The Court may exercise its suo motu power or any
person interested in the affairs of the Company other
than those mentioned in Section 391 of the Act is also
empowered to move the High Court/Tribunal for
necessary directions/ modification.
(g) In KASHINATH DIKSHIT (supra) the learned
Single Judge of this Court has rejected the scheme
propounded at the instance of a person, who was
neither a shareholder nor a creditor or a member of
the Company in liquidation and therefore, he would
not have any interest in the affairs of the Company.
Paragraphs 14, 15, 16, 18 and 20 of the said
judgment are extracted hereunder :-
14. A plain reading of the Section clearly indicates that the legislature intended that if any compromise or arrangement is proposed, the company, or any creditor or any member of
- 53 -
the company will be entitled to make the necessary application/petition and in case where the company is being wound up, as the Board of Directors has ceased to function and the company is represented by the liquidator, the liquidator wilt also be entitled to make the necessary application/petition. The right, which is conferred on the contributories or the creditors. Is not intended to be taken away when the company has gone into liquidation and in such a case, an additional right is also conferred on the liquidator.
15. The provisions contained in the Companies (court) Rules, 1959, in Rules 67 and 68, the forms prescribed under the said rules also clearly go to indicate that even in the case of company in liquidation, the contributories and the creditors of the company are entitled to make an application under Section 391 of the Act.
16. The Section is intended to confer rights both on the company and on the creditors and the members of the company when it is a going concern. The object is to avoid the winding up of the company and even after a winding up order is made, an application/Petition can be filed to recall the winding up order and to sanction the scheme of arrangement and allow the company to resume its normal business,
- 54 -
since it is the creditors and members of the company, who are interested in the life of the company and they are the best judges of their interest. Therefore, to maintain an application/petition under Section 391 read with Section 395 of the Act, the petition must be by a company or by any creditor or a member of the company and where the company is in liquidation, apart from the above person, the liquidator is an additional person to whom the right to frame such a scheme and move the Court for sanction under Section 391 of the Act is provided.

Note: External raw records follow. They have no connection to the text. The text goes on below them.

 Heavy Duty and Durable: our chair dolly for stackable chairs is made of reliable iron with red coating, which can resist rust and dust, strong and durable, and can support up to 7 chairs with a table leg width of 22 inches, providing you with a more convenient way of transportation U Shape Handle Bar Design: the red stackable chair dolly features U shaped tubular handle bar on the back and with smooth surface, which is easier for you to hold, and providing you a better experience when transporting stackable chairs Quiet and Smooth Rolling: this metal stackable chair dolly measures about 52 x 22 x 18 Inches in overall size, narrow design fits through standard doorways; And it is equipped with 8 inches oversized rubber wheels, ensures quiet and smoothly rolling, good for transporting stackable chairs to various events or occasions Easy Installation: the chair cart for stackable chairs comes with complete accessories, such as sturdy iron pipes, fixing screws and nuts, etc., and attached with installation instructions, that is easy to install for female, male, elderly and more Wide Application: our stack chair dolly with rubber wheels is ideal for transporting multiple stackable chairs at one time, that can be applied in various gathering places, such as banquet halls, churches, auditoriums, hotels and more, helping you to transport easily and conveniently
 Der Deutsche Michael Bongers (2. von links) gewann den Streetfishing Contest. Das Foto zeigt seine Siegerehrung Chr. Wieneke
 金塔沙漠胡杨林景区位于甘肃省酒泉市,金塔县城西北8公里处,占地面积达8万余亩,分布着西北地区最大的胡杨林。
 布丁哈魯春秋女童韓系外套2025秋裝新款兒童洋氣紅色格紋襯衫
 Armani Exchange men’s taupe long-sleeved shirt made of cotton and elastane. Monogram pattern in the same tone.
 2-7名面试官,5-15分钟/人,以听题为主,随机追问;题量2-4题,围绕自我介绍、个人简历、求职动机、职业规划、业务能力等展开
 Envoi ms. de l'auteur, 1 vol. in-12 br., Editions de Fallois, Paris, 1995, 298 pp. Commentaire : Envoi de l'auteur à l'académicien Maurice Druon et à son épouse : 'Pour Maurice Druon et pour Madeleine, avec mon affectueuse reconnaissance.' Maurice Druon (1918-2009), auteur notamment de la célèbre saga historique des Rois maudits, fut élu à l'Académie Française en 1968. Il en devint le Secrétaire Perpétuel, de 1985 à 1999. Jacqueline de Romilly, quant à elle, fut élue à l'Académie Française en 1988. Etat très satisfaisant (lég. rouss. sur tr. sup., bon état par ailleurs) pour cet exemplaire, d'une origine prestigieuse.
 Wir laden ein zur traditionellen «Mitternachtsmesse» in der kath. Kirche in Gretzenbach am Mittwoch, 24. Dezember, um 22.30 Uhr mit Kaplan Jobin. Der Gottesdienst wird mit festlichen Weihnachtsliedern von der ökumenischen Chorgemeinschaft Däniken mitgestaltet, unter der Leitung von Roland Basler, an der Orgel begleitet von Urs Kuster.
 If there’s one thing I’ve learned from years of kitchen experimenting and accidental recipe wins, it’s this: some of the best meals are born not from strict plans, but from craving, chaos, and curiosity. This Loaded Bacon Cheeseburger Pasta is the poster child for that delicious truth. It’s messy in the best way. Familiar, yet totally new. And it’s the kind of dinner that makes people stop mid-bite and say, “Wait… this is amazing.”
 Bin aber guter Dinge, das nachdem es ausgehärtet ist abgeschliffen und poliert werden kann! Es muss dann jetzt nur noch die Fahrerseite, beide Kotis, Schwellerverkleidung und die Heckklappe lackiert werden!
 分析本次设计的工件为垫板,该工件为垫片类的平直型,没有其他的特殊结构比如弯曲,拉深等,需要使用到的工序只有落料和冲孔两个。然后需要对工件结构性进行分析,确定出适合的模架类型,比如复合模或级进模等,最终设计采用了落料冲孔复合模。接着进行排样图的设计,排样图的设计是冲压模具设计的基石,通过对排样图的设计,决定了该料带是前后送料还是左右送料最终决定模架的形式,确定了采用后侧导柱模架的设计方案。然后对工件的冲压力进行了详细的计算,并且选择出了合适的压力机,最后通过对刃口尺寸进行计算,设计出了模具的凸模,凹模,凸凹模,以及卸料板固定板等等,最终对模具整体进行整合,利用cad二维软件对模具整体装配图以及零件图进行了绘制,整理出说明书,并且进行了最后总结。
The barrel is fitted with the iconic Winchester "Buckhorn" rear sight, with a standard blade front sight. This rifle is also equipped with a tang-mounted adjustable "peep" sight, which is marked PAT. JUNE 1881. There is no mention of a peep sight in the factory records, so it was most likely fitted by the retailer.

17................xxxxxxxxxxx............xxxxxxxxxxxx.....
18. One of the shareholders of the company in liquidation is the first petitioner in this company petition. He has identified the second petitioner to revive the company in liquidation. This clearly shows that he is not the propounder of the scheme of arrangement for revival of the company. The second petitioner is neither a member nor a creditor of the company. He is willing to settle the claims of the creditors of the company with a view to revive the company in liquidation, provided the entire share capital of the company is transferred in his favour and his nominees. In order to attract Section 391 of the Act, it is necessary that a compromise or arrangement between a
- 55 -
company and its creditors or any class of them, or between the company or its members or class of them should propose a compromise or arrangement. When such a scheme is proposed, and the sanction is requested, the court will have to be satisfied as to the prima facie, that the scheme of arrangement is genuine, bonafide and would be in the interest of the company and its creditors and the application is filed by a person, who is authorised under the provisions of Section 391 of the Act. The Apex Court in the case of S.K Gupta v. K.P Jain . 1979 49 Company Cases 342, while considering the scope of Section 391(1) of the Act and who can move the application under that Section was pleased to observe:
"Section 391 enables a member or a creditor of the company or a company which is being wound up, its liquidator, to make an application to the Court proposing a compromise or arrangement between the company and its creditors or any class of them or between the company and its members of any class of them and seeking directors of the Court to convene a meeting of each class of creditors and/or each class of members to whom the compromise or arrangement is offered. On the Courts giving the directions, the meeting would be convened
- 56 -
in which the proposed scheme of compromise and/or arrangement would be submitted for consideration and each class will have to vote upon it and if the scheme is accepted by a majority in number representing three-fourths in value of the creditors or members or class of members, as the case may be, present and voting either in person or where proxy is allowed by proxy, such approved scheme has to be placed before the Court for sanction of the Court as envisaged in Section 391(2)."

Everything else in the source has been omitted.